As I predicted would happen in the latest edition of my Index of Leading Environmental Indicators, new data out this week shows that U.S. greenhouse gas emissions actually fell last year by 1.3%, even as the economy grew by 3.3 percent.
This is extremely significant because it is the first time ever that U.S. greenhouse gas emissions have fallen in a non-recession year, and it shows that we can indeed reduce our greenhouse gas emissions intensity (the amount of greenhouse gases emitted per dollar of economic output) at a rate that exceeds our economic growth rate.
So what was the reaction to this good news? Lots of complaints about Bush from the usual suspects. Sen.
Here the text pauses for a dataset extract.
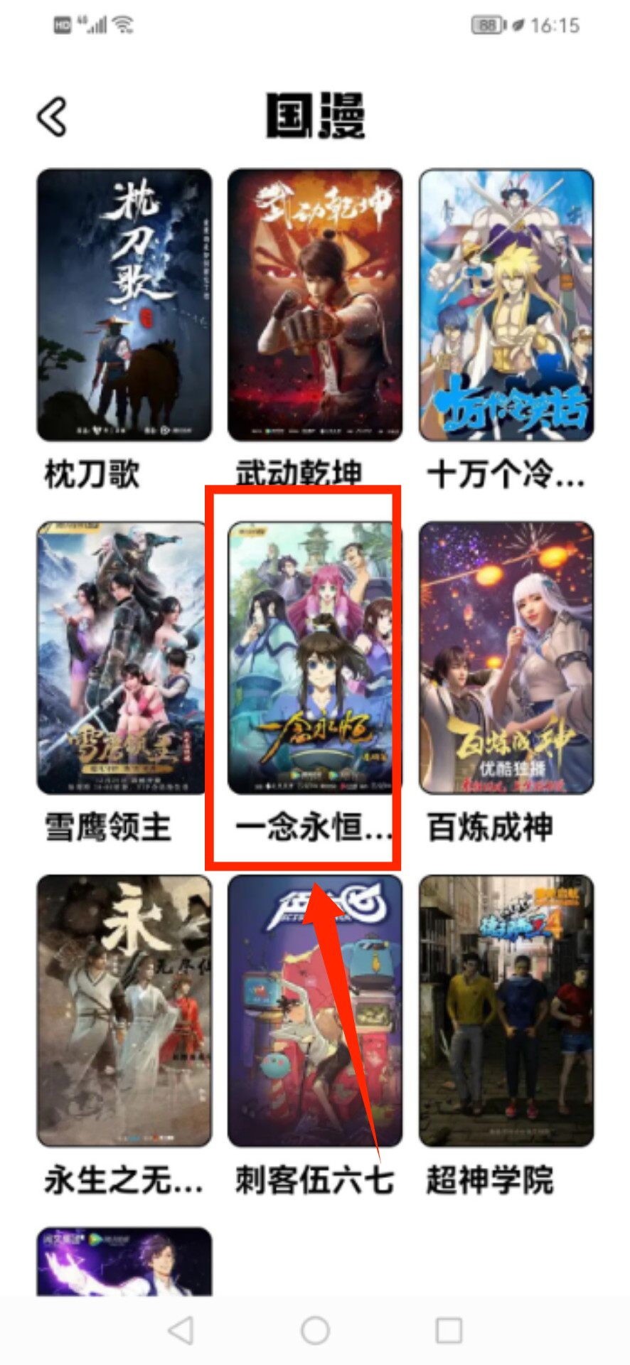 2、在國漫作品陳列區(qū),通過滑動瀏覽或搜索功能定位“一念永恒”系列作品。

John Kerry (how many mansions and private planes do he and Teresa have again??) said: “The house is on fire, and he’s [Bush] trying to douse the flames with a watering can. The science tells us that we need to reduce our emissions by 60-80% by 2050 in order to avoid catastrophic damage.”
Jeremy Symons of the National Widlife Federation (by the way, has the NWF figured out a way to reduce the substantial, uh, emissions, of methane from cattle and sheep yet?) huffed: “Unfortunately, until we have government mandates to cut global warming pollution from big polluters, this year’s good news will be swallowed by the trend of rising pollution levels.”
This is another example of the boundless ignorance of the greenhouse gas campaigners: since 1990, GHG emissions from U.S. industry (“big polluters”) has been flat; U.S. methane emissions are slightly down in absolute terms, in fact. The growth in U.S. greenhouse gas emissions has come overwhelmingly from households and the transport sector–functions partly of rising population (and immigration?? Better not go there if you’re a green.). In other words, when folks say “big polluters,” they should look in the mirror. Especially if your name is Kerry or Gore, and you libe in 10,000 square foot houses.